Problem
Given the entries that follow, write out exactly the lines starting at the one containing "STAINLESS STEEL BAIN" and ending at the one containing "Обои Белый и", both ends included, and only those.

Source information
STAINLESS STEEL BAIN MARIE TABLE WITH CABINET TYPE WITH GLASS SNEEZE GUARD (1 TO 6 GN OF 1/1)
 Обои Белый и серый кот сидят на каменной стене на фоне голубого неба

...

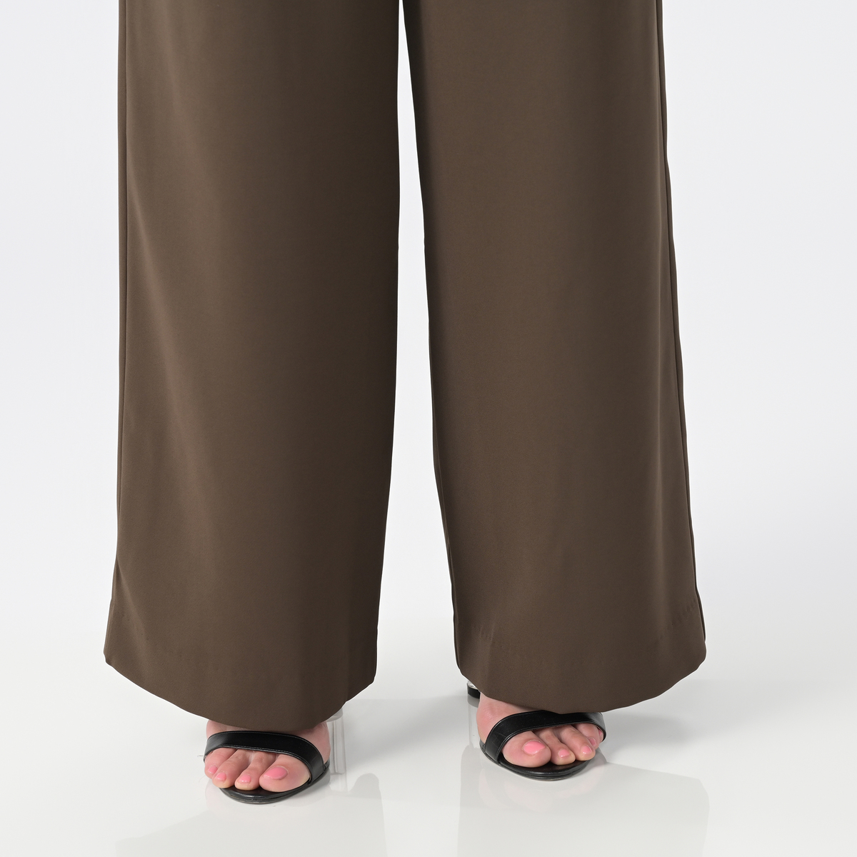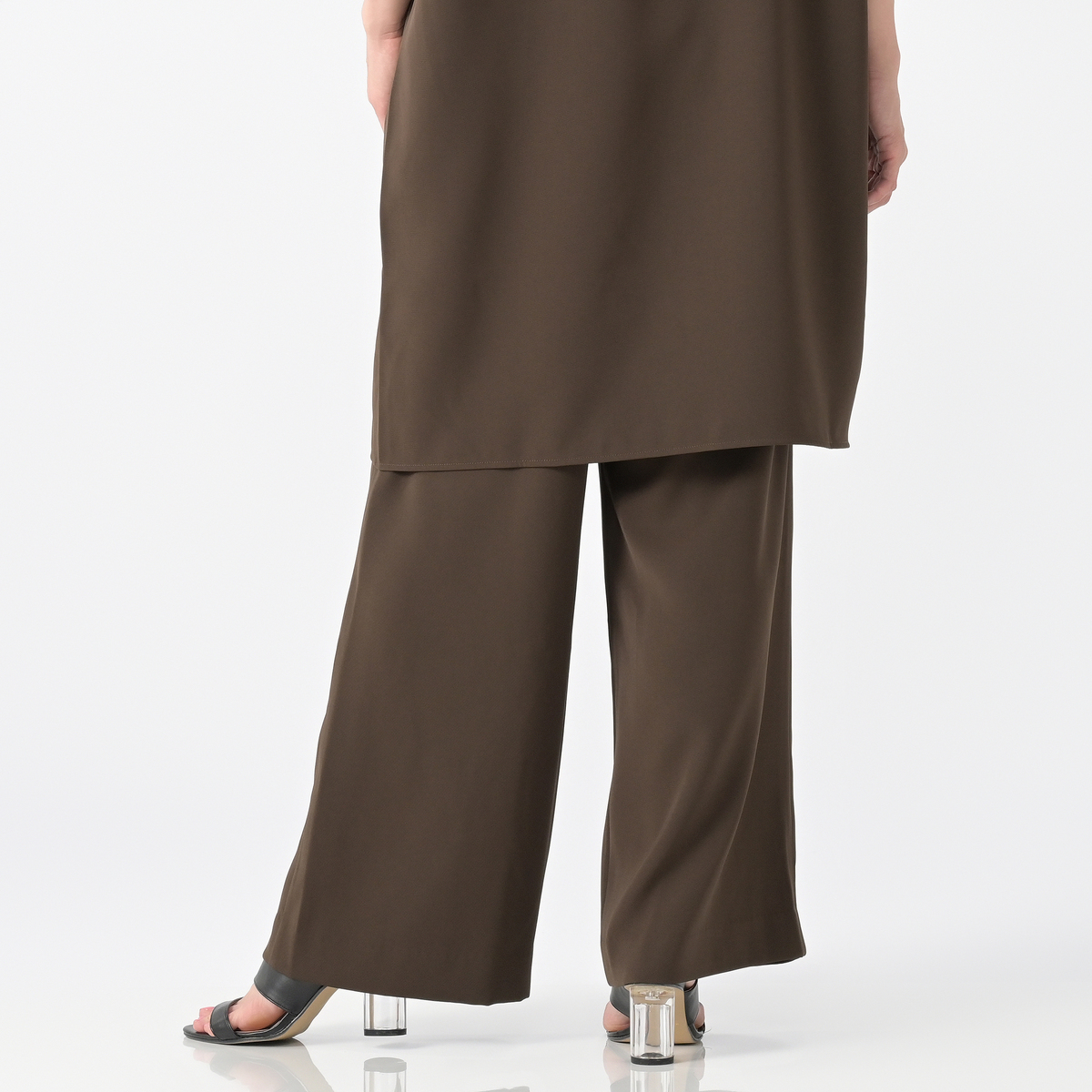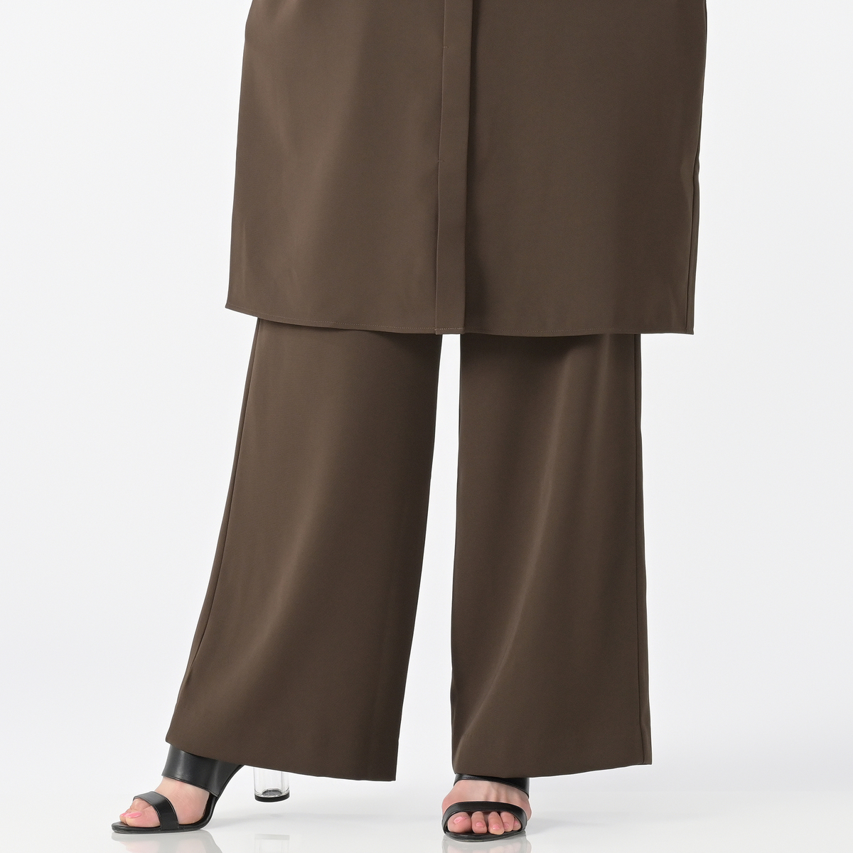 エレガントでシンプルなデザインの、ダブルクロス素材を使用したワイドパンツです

Response to the exercise
STAINLESS STEEL BAIN MARIE TABLE WITH CABINET TYPE WITH GLASS SNEEZE GUARD (1 TO 6 GN OF 1/1)
 Обои Белый и серый кот сидят на каменной стене на фоне голубого неба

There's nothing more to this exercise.